Change Data Capture (CDC)¶

DRLS supports reading Iceberg CDC (Change Data Capture) feeds and streaming changes to Ray for processing.

Read CDC Stream¶

Create a streaming DataFrame from Iceberg CDC changes:

from drls.iceberg import read_cdc_stream

cdc_df = read_cdc_stream(
    spark,
    "drls.db.users",
    starting_snapshot_id=1234567890,  # Optional: start from specific snapshot
)
cdc_df.show(truncate=False)

Parameters:

Parameter	Type	Default	Description
`spark`	`SparkSession`	—	Active Spark session
`table`	`str`	—	Fully qualified table name
`starting_snapshot_id`	`int \\| None`	`None`	Start reading CDC from this snapshot

The returned DataFrame includes Iceberg CDC metadata columns:

Column	Description
`_change_type`	`insert`, `delete`, `update_before`, `update_after`
`_change_ordinal`	Order of the change within the commit
`_commit_snapshot_id`	Snapshot ID where the change occurred

Stream CDC to Ray¶

Stream CDC changes directly to a Ray Dataset for processing:

from drls.iceberg import cdc_to_ray

ray_ds = cdc_to_ray(
    spark,
    "drls.db.users",
    starting_snapshot_id=1234567890,
)

for row in ray_ds.take(10):
    print(row)

Parameters:

Parameter	Type	Default	Description
`spark`	`SparkSession`	—	Active Spark session
`table`	`str`	—	Fully qualified table name
`starting_snapshot_id`	`int \\| None`	`None`	Start from this snapshot

Returns: ray.data.Dataset with CDC rows.

Example¶

"""CDC (Change Data Capture) pipeline with Iceberg.

Demonstrates:
1. Creating a table and inserting data
2. Making changes (inserts, updates, deletes)
3. Reading the CDC feed
4. Streaming CDC to Ray for processing

Run:
    pip install drls
    python examples/cdc_pipeline.py
"""
import ray
import drls
from drls.iceberg import read_cdc_stream, cdc_to_ray

ray.init()

spark = drls.init_spark(
    app_name="cdc-pipeline",
    num_executors=2,
    executor_cores=1,
    executor_memory="512M",
    iceberg_catalog="hadoop",
    iceberg_warehouse="/tmp/drls-warehouse",
)

# Create a table
spark.sql("CREATE DATABASE IF NOT EXISTS drls.cdc_demo")
spark.sql("DROP TABLE IF EXISTS drls.cdc_demo.users")
spark.sql("""
    CREATE TABLE drls.cdc_demo.users (
        id BIGINT,
        name STRING,
        email STRING
    ) USING iceberg
    TBLPROPERTIES (
        'write.wap.enabled' = 'true'
    )
""")

# Insert initial data
spark.sql("""
    INSERT INTO drls.cdc_demo.users VALUES
    (1, 'Alice', 'alice@example.com'),
    (2, 'Bob', 'bob@example.com'),
    (3, 'Charlie', 'charlie@example.com')
""")
print("Inserted 3 users")

# Get the first snapshot id for CDC baseline
from drls.iceberg import history
snapshots = history(spark, "drls.cdc_demo.users")
first_snapshot = snapshots["snapshots"][0]["snapshot_id"]
print(f"First snapshot: {first_snapshot}")

# Make changes
spark.sql("""
    INSERT INTO drls.cdc_demo.users VALUES
    (4, 'Diana', 'diana@example.com')
""")
spark.sql("""
    DELETE FROM drls.cdc_demo.users WHERE id = 2
""")
print("Applied changes: +1 insert, -1 delete")

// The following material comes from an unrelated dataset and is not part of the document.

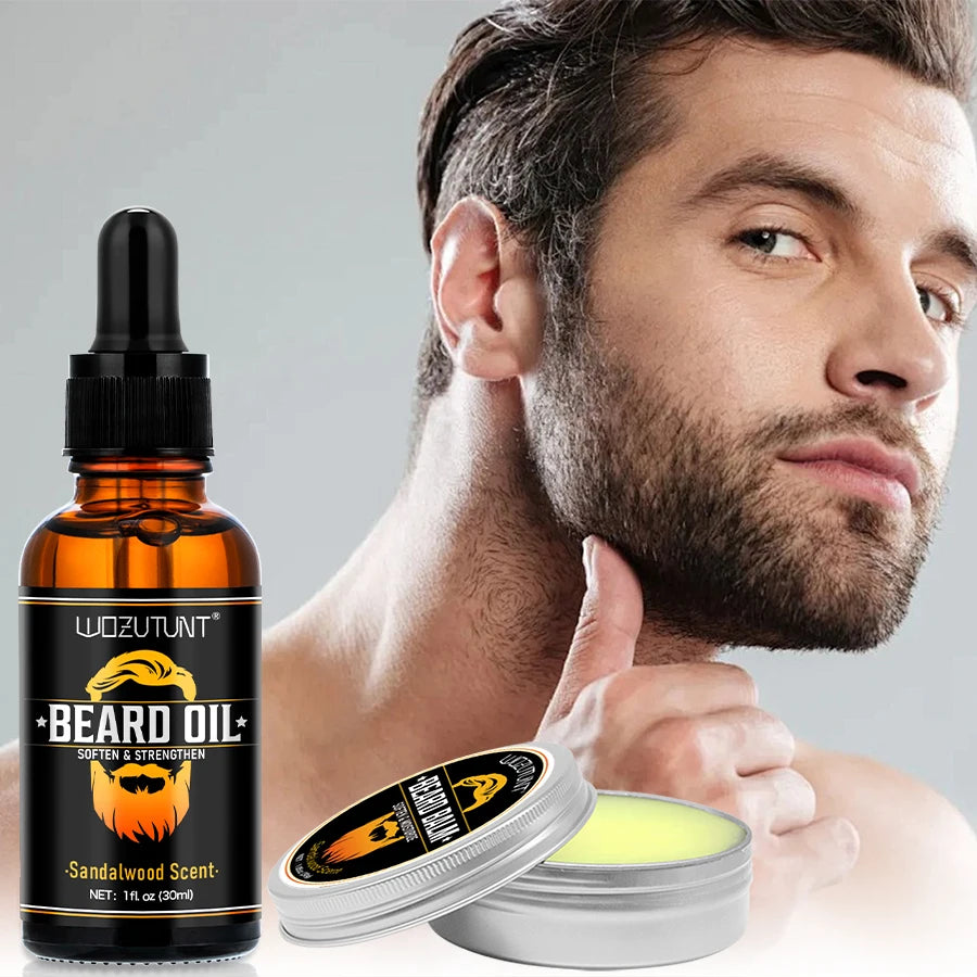 100% Natural Sandalwood Scent 30ml Beard Oil and 30g Balm Soften Strengthen Moisturize Men Beard Grooming Care Product

# Read CDC changes since the first snapshot
print("\nCDC changes:")
cdc_df = read_cdc_stream(spark, "drls.cdc_demo.users",
                         starting_snapshot_id=first_snapshot)
cdc_df.show(truncate=False)

# Stream CDC to Ray for processing
print("Streaming CDC to Ray...")
ray_ds = cdc_to_ray(spark, "drls.cdc_demo.users",
                    starting_snapshot_id=first_snapshot)
for row in ray_ds.take(10):
    print(f"  {row}")

# Cleanup
drls.stop_spark()
ray.shutdown()
print("\nCDC pipeline demo complete!")

Table Properties¶

To enable CDC on an Iceberg table, set the WAP (Write-Audit-Publish) property:

CREATE TABLE drls.db.users (
    id BIGINT,
    name STRING,
    email STRING
) USING iceberg
TBLPROPERTIES (
    'write.wap.enabled' = 'true'
)